AVAILABLE RECORDS:
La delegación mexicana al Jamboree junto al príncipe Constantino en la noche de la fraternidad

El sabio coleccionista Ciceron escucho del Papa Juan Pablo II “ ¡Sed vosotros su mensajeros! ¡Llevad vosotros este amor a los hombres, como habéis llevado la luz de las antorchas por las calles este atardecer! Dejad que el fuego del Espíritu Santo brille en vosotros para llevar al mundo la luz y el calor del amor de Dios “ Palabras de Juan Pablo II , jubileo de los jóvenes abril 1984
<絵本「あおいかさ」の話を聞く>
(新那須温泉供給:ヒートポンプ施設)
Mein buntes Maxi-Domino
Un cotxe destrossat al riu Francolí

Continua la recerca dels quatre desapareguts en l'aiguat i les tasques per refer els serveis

...

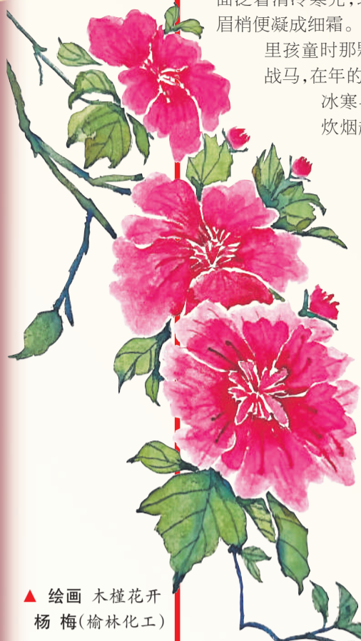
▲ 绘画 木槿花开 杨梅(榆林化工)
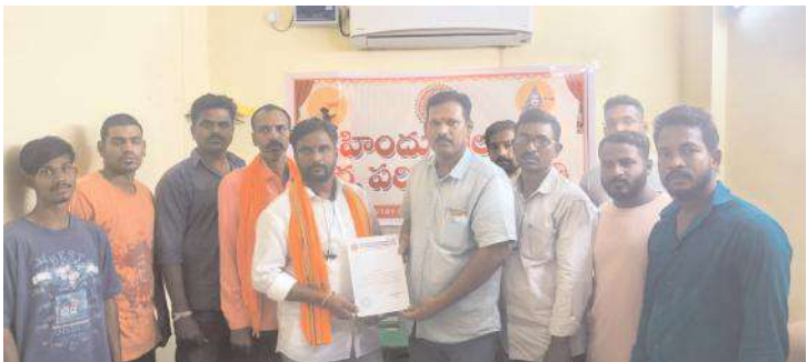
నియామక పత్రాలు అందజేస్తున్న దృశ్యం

INSTRUCTIONS FOR THE TASK: Reproduce word for word the material above, starting with the line that has "Un cotxe destrossat al riu Francolí" and stopping after the line that has "Continua la recerca".

SOLUTION TO THE EXERCISE:
Un cotxe destrossat al riu Francolí

Continua la recerca dels quatre desapareguts en l'aiguat i les tasques per refer els serveis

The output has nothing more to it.